**Dataset records**
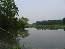 Little Hunting Creek is a 3.6-mile-long (5.8 km)[1] primarily tidal tributary of the Potomac River located in Fairfax County, Virginia, not to be confused with Hunting Creek farther north. A stone-arch bridge, completed in 1931,[2] carries traffic on the George Washington Memorial Parkway across the narrow mouth of the creek, located 96.6 miles (155.5 km) upriver from the mouth of the Potomac.[3] The Washington family built its Mount Vernon plantation on the Potomac River along both banks of Little Hunting Creek during colonial times.[4][5] The creek is bordered by residential communities in addition to the Mount Vernon property. It is a popular location for recreational fishing, and much of the wildlife characteristic of the tidal Potomac wetlands can be spotted there.
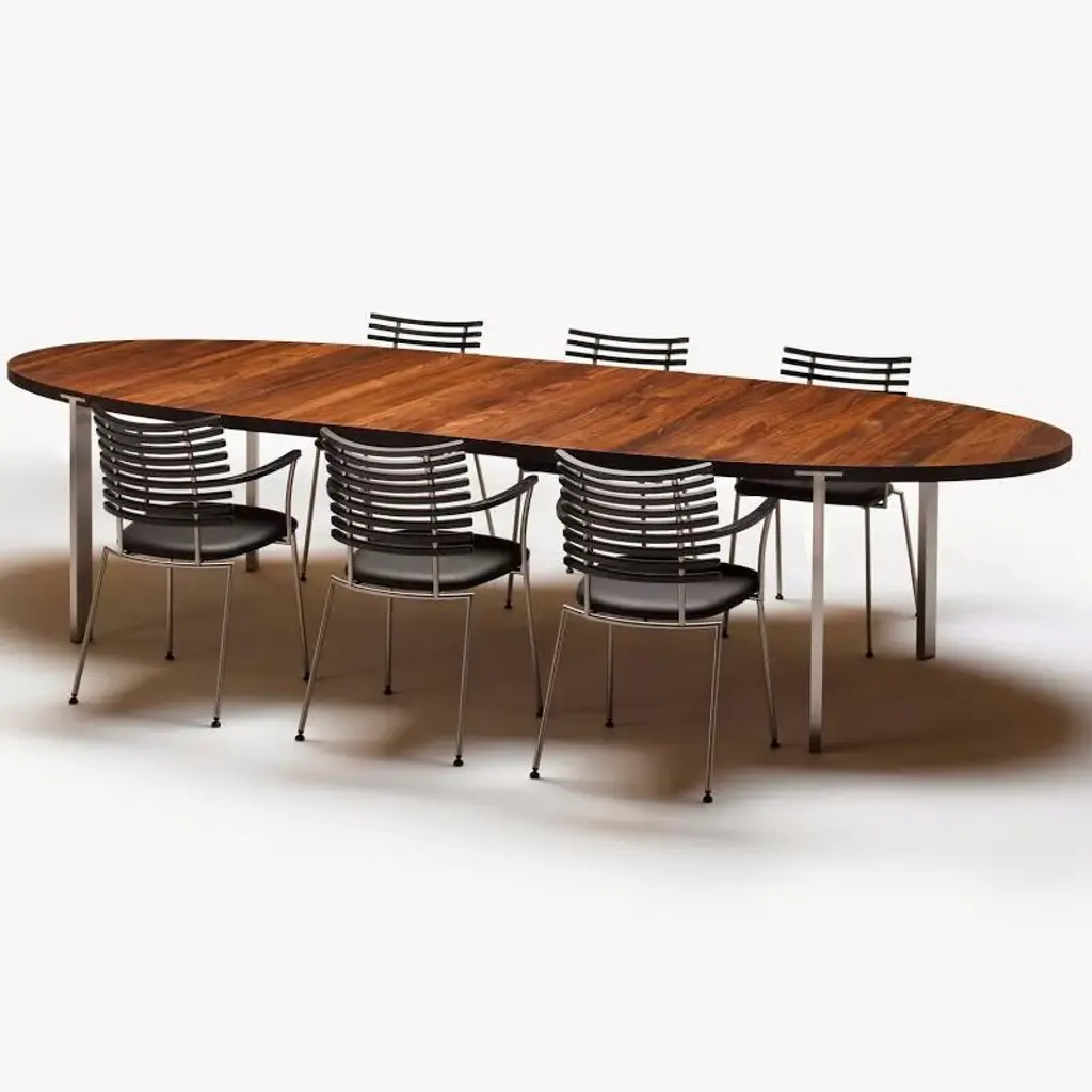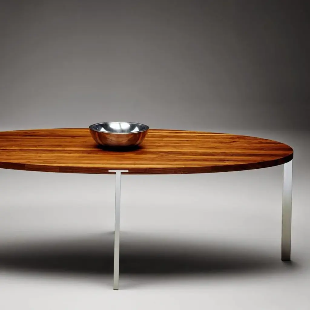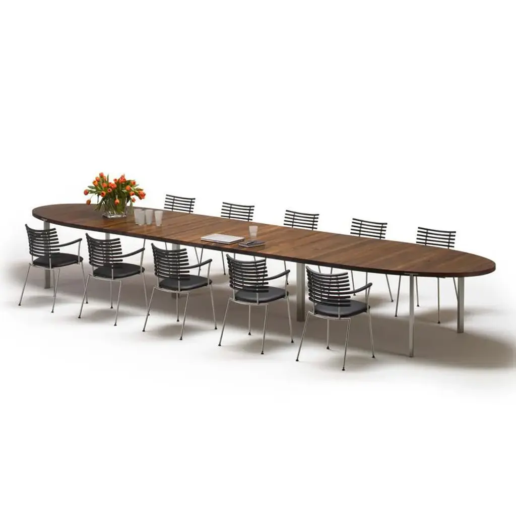 Oval table with extension possibility. The table is made in two sizes. The table can be extended with up to 8 extension leaves. As standard the table is prepared for maximum 2 extension leaves. The table top is available in solid wood.
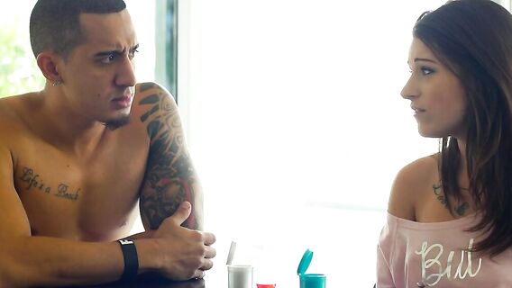 Постоянные смены настроения сводной сестренки, разозлили её брата, и он решил наказать её, парень порвал на юной брюнетке всю одежду и жестко оттрахал её в разных позах, залив её лицо спермой.
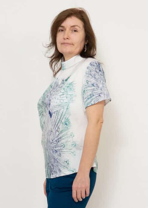 Extravagantes Blusenshirt mit dem neuen Pfauenzauber
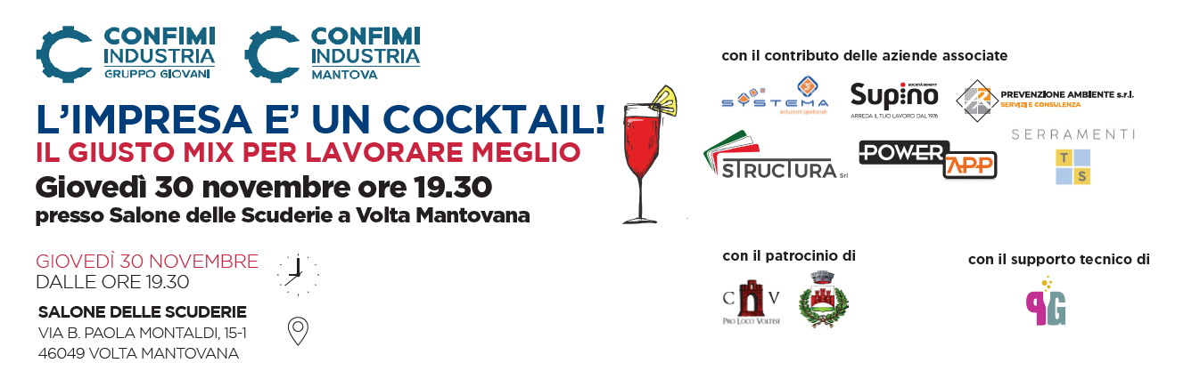 Gentili aziende associate, siamo lieti di invitarvi alla Cena d’inverno di Confimi Giovani Mantova che si terrà Giovedì 30 novembre: cocktail, impresa e marketing.
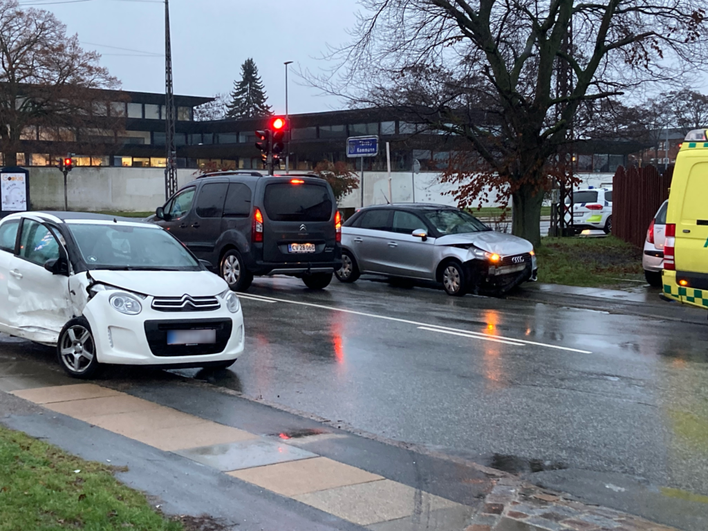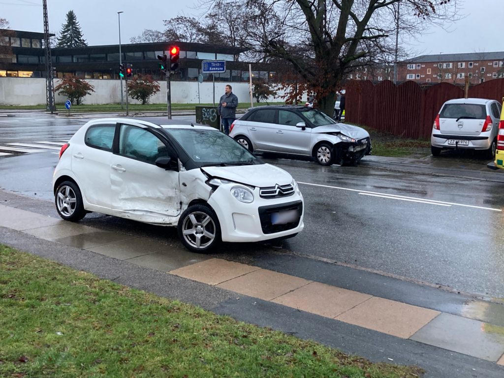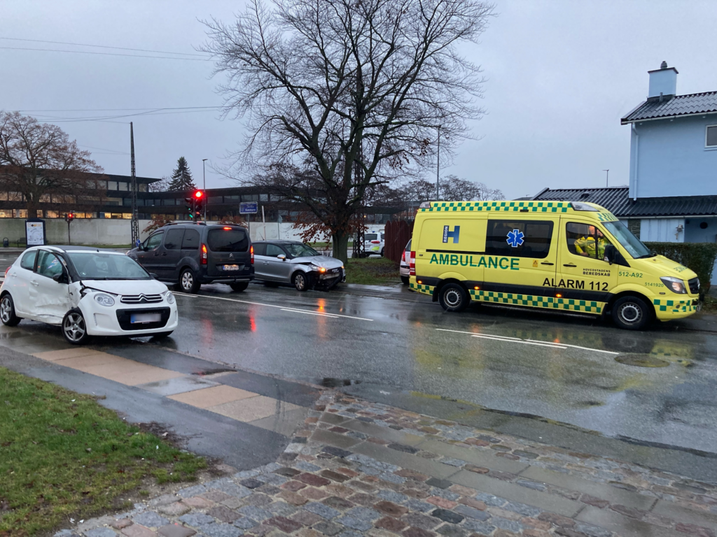 To biler er fredag eftermiddag kørt sammen i krydset mellem Bygrænsen og Englandsvej på Amager.

**What is expected**
Write the entries out again word for word. Omit all pictures from them.

**Reply to the exercise**
 Little Hunting Creek is a 3.6-mile-long (5.8 km)[1] primarily tidal tributary of the Potomac River located in Fairfax County, Virginia, not to be confused with Hunting Creek farther north. A stone-arch bridge, completed in 1931,[2] carries traffic on the George Washington Memorial Parkway across the narrow mouth of the creek, located 96.6 miles (155.5 km) upriver from the mouth of the Potomac.[3] The Washington family built its Mount Vernon plantation on the Potomac River along both banks of Little Hunting Creek during colonial times.[4][5] The creek is bordered by residential communities in addition to the Mount Vernon property. It is a popular location for recreational fishing, and much of the wildlife characteristic of the tidal Potomac wetlands can be spotted there.
 Oval table with extension possibility. The table is made in two sizes. The table can be extended with up to 8 extension leaves. As standard the table is prepared for maximum 2 extension leaves. The table top is available in solid wood.
 Постоянные смены настроения сводной сестренки, разозлили её брата, и он решил наказать её, парень порвал на юной брюнетке всю одежду и жестко оттрахал её в разных позах, залив её лицо спермой.
 Extravagantes Blusenshirt mit dem neuen Pfauenzauber
 Gentili aziende associate, siamo lieti di invitarvi alla Cena d’inverno di Confimi Giovani Mantova che si terrà Giovedì 30 novembre: cocktail, impresa e marketing.
 To biler er fredag eftermiddag kørt sammen i krydset mellem Bygrænsen og Englandsvej på Amager.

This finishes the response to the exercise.